Я отвожу нас в сторону от клуба, к торцу соседнего здания. Мы все еще достаточно близко, чтобы слышать приглушенную музыку, но достаточно далеко, чтобы вокруг никого не было.
Скарлетт останавливается передо мной, и я зарываюсь пальцами в ее волосы и обхватываю затылок, заставляя посмотреть мне в глаза.
– Что не так?
Ее щеки порозовели, и я не знаю, от жары в клубе или чего-то другого.
– Это так глупо.
– Ничего из того, что тебя расстраивает, для меня не глупо.
– Просто я… давно не была ни с кем близка. Не хочу сделать что-нибудь неправильно, – робко признается она.
Я моргаю.
– Ты девственница? Потому что я не стал бы осуждать…
– Нет! – вырывается у нее. – Не то чтобы в этом было что-то плохое. Просто…
Должно быть, выгляжу я таким же сбитым с толку, каким себя чувствую, потому что Скарлетт резко выдыхает и закрывает глаза.
– Это не то, что стоит обсуждать на тротуаре посреди ночи.
– Хорошо, тогда поедем ко мне. Можем поговорить там.
Она открывает глаза:
– Ты уверен?
Я провожу большим пальцем по ее скуле и киваю:
– Конечно. Пока будем искать мою машину, напиши Лео, что я тебя забираю, чтобы он не волновался.
– Хорошо, – соглашается она.
Я опускаю руки и засовываю их в карманы.
Пока она пишет Лео, я отхожу в сторону и приказываю телу успокоиться, пока моя эрекция не порвала джинсы.
Я включаю свет в прихожей и снимаю ботинки, глядя, как Скарлетт делает то же самое. В воздухе между нами висит напряжение, и, хотя она уже бывала у меня дома, этот раз сильно отличается.
Нам навстречу неуклюже несется Истон, его уши болтаются при каждом шаге. Скарлетт садится на корточки и чешет ему подбородок.
– Он в тебя влюбится, – дразню я.
Она смотрит на меня снизу вверх, улыбаясь:
– Он милый.
– Купер его дрессировал. И очень хорошо.
– Ты слышал? – спрашивает Скарлетт у большой, часто дышащей кучи меха. – Твой папа говорит, что ты хороший мальчик.
– Иногда, – поправляю я и, обогнув их, прохожу дальше в дом.
Завернув на кухню, я беру нам по бутылке воды и откручиваю крышки. Часы над духовкой показывают почти полночь.
Скарлетт заходит на кухню через несколько секунд после меня.
– Ты сегодня не пил.
Я пожимаю плечами:
– Ты действуешь на меня почище любого алкоголя.

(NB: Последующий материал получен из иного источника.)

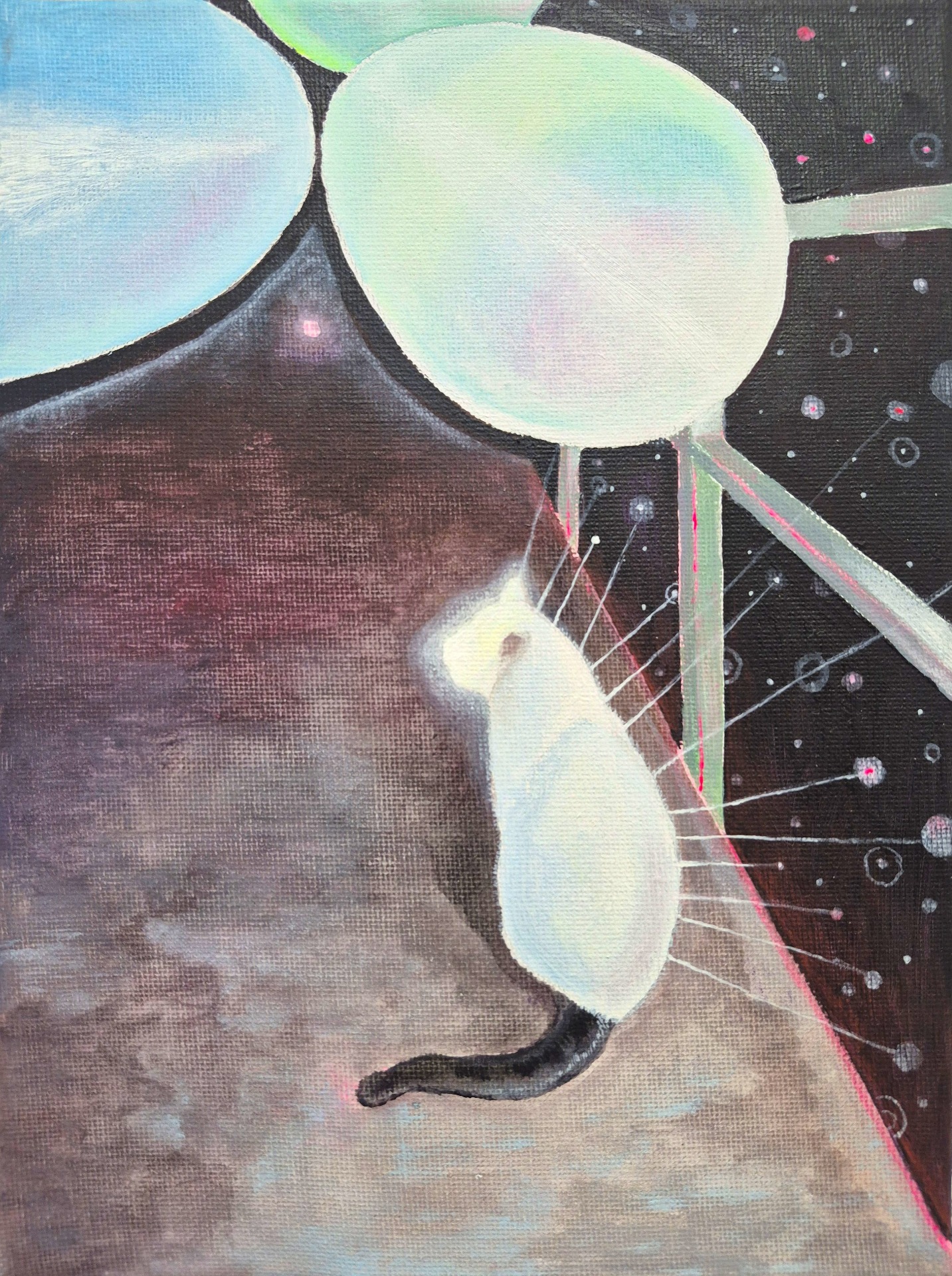 Tulačka po hvězdách, 2025, 17,5x24 cm, akryl na plátně

– Когда ты так говоришь, мне хочется стать другим человеком. Кем-то, кто умеет говорить такое же в ответ.
Ее признание удивляет меня. Я подхожу и протягиваю ей одну из бутылок. Скарлетт охотно берет бутылку, подносит к губам и сходу выпивает половину.
– Я не всегда был таким, Суровая Специя. И мне не надо, чтобы ты была кем-то другим. Я говорю все это именно потому, что ты такая, какая есть.

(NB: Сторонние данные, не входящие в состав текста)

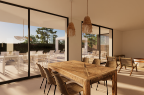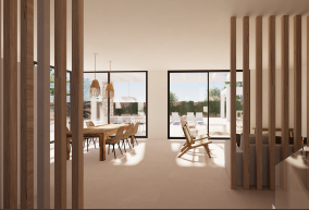 Willa ma nowoczesną i współczesną estetykę, z wysokiej jakości materiałami i wykończeniami. Jest wyposażona w ogrzewanie podłogowe i system klimatyzacji, gwarantując komfort przez cały rok. Porcelanowe podłogi, zewnętrzna stolarka aluminiowa i detale z kamienia naturalnego na elewacji dodają charakteru, trwałości i ponadczasowego designu.

– Если ты не всегда был таким, то каким ты был? Каков молодой Адам по сравнению с тобой?
Она разворачивается и становится спиной к столешнице. Пальцы крепко сжимают бутылку с водой. Я встаю рядом, повторяя ее позу.

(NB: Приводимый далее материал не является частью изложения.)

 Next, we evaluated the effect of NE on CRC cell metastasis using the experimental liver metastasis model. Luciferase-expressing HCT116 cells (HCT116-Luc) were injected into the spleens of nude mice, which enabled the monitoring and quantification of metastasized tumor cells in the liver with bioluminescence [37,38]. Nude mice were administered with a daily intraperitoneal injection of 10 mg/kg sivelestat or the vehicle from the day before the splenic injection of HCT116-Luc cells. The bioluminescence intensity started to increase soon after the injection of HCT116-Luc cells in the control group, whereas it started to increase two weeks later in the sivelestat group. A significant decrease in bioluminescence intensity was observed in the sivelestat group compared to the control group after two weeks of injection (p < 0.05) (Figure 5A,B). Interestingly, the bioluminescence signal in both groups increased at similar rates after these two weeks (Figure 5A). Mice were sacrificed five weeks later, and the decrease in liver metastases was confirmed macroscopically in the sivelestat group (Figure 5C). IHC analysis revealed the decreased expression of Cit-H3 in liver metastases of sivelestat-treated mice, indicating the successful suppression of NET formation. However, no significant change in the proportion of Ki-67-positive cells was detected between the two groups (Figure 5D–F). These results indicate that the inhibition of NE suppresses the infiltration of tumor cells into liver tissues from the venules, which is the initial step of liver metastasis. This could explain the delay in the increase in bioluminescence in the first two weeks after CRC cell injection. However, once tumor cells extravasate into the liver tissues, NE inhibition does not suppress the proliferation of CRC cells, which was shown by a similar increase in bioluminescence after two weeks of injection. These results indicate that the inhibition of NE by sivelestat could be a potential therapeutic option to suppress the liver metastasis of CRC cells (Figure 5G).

– Я был человеком, который не утруждался узнать имя женщины, прежде чем уложить ее в постель, и опустошал бутылки с дорогим отцовским вином, просто чтобы разозлить родителей. Я был влюблен в свою лучшую подругу и из-за этого чуть полностью не разрушил отношения с ней. Я был совсем не таким, как сегодня.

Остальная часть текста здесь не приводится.